The moment her body clamped down around his, he reached the top of the mountain and hurled himself off of it. He fucked her through both of their orgasms, until they were spent and weak from exertion. They collapsed in a tangle of limbs, panting for breath. Draco moved her curls to begin pressing faint, gentle kisses to the back of her neck and shoulders. It made her shiver with a delight that ached deep in her soul.

She wished they could do this every day, too. That it could really be that simple. That they didn't have the war and years of past between them. That the Dark Lord wasn't exacting his vengeance tomorrow.
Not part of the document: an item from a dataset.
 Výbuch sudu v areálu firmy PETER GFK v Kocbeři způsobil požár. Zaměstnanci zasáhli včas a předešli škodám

But she wished that everything else was better. That Calypso could come back and be in the clearing again. That Lucius hadn't walked into the pond, and had been able to make amends and become a better wizard. That Narcissa hadn't died, and that she'd been able to heal and be with her family again.
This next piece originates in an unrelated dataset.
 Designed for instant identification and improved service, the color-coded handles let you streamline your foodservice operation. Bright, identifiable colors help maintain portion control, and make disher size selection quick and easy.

That the war had never happened.

That Harry and Ron were alive.

That she was happy.

Hermione wished for so many things, and was sad that she couldn't seem to capture any stars that would grant them.

At some point, he _accio_ ed his wand and used it to clean them both up, as well as to perform the same contraceptive charm that Hermione had used that afternoon. She wanted to make a snarky remark about how surprised she was that he'd paid attention in Charms their Fifth Year, but she was just too tired.

And that made her sad, because she wanted to stay awake as long as possible, just in case.

Draco slid his arms around her, both of them lying on their sides and facing one another. Hermione buried her face in the heated skin of his bare chest, indulging in one last thing. One last thing that she could be selfish about. When they laid like this, she could pretend everything was okay.

She could pretend she wasn't scared.

There was an omen deep inside of Hermione that told her that something was coming. Something from the dark grew nearer to the horizon, on its way to cast shadows over the land. A darkness would eclipse everything that she had ever known, and it would happen whether she lived or died. She felt the fear of the Dark Lord creeping along her veins like molten rock devouring the surface of the Earth, but she knew that she wouldn't give in until she drew her last breath.

Tonight, she would sleep.

Tomorrow, she would fight.

Just as Hermione had promised Narcissa, she wouldn't stop fighting until she had counted all of the stars in the sky. She would pluck each one out of the expanse of time, gathering every piece of herself that had scattered along her journey to home, until she had captured them all. Then, when she held the universe in her hands, she would wish to breathe.

Hermione fell asleep to Draco's soft voice in her ear, his fingers ghosting along the edge of her face as though he loved her. Which she supposed he did.

"You've always been everything to me, Hermione. I'm gonna protect you from him. I promise."